The only common ground our culture shares these days is that everyone’s a prude. One side is sexually prudish and the other side is culturally uptight.
Well, fuck that shit. Fuck political correctness and fuck civil discourse. I want balls. I want balls so bad, I”m basically a faggot.
You used to be able to talk like that. In 1971, Archie Bunker told Meathead, “I never said a guy who wears glasses is a queer. A guy who wears glasses is a four-eyes; a guy who’s a fag is a queer.” Later in that episode he said, “England is a fag country,” and the audience exploded with laughter.
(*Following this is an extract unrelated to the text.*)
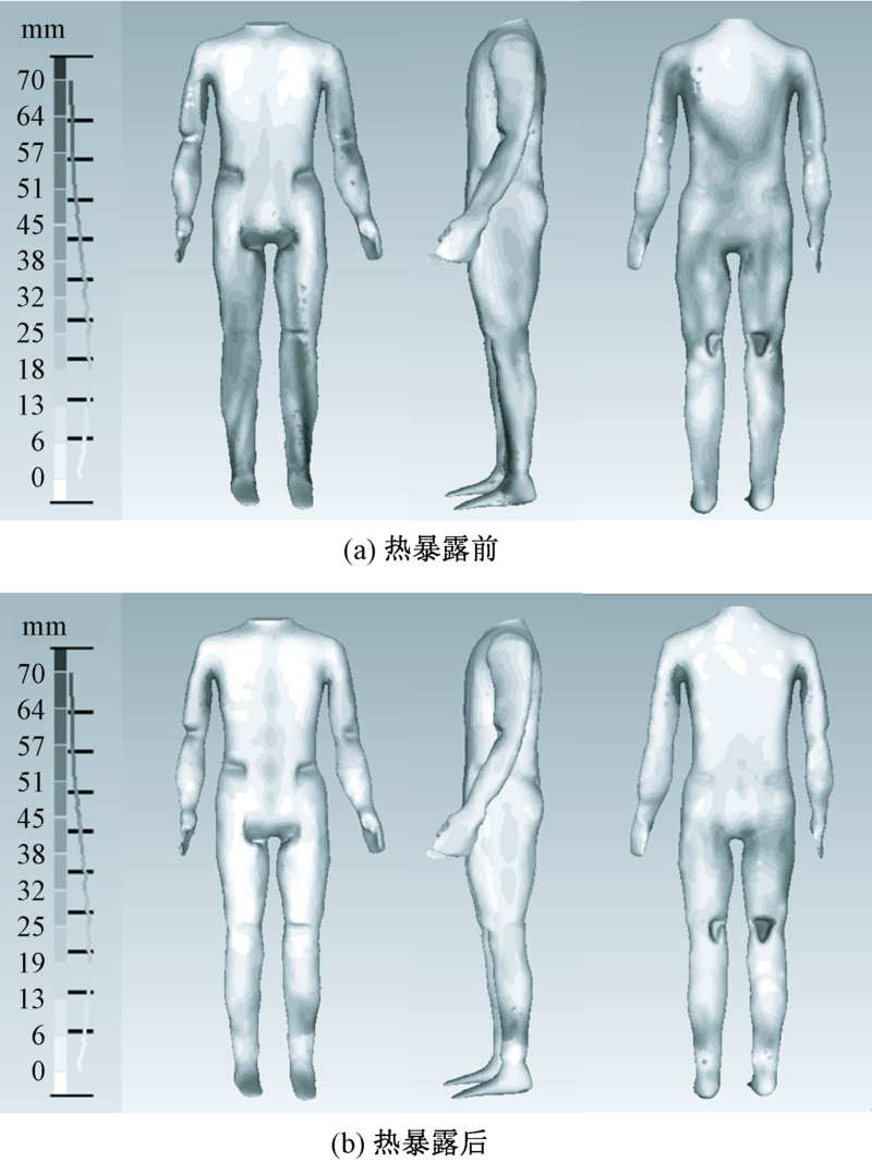 为准确获取燃烧假人测试中防火服热暴露前后衣下空气层厚度及其分布,提出一种基于三维现场扫描的测量和表征方法。利用Kinect深度相机,通过在燃烧假人室内构建扫描平台,现场获得假人裸体及着装状态点云数据;基于Geomagic逆向工程软件进行三维建模、对齐和比较,并通过实现假人表面传感器在三维空间的准确定位,快速有效地表征衣下空气层厚度及分布。经验证发现:即使是相同的服装每次穿着后衣下空气层分布也存在较大差异;背部区域热暴露前后空气层厚度平均变异系数分别达到46%、35%。结果表明,以往异地扫描获得的数据难以准确反映燃烧测试时的真实状态,现场扫描更有利于准确分析因服装材料、规格、高温收缩等因素导致的衣下空气层变化对热防护性能的影响。
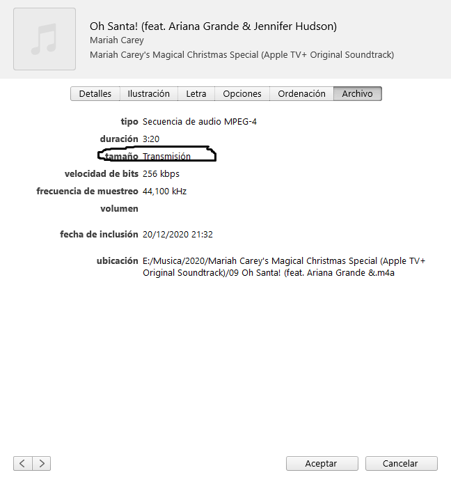 Ayuda Biblioteca Itunes - Archivos en modo Transmision

But last year when Brett Ratner quipped, “Rehearsals are for fags,” the audience gasped in horror and Ratner was forced to tour the country begging other audiences to forgive him.
When the baby boomers were in their 20s, Weezy discovered George Jefferson had blown $350 on a watch. She put her hands on her hips and exclaimed, “Nigger, please!” The audience was in hysterics. Thirty-seven years later, that word has become so unthinkable, we only pronounce the first letter. In today’s America, it’s racist to feature a commercial with a monkey in it if an African American was on TV earlier. Shit, the term “kitchen cabinet“ is now considered racist.
One side wants bikinis banned while the other side insists we get rid of high heels. It seems like the only thing that’s still allowed is pooping on the party. Liberals went from Free Love and jokes about the clap to stamping their feet and yelling, “No means no!” while leading lynch mobs against people who call women sluts.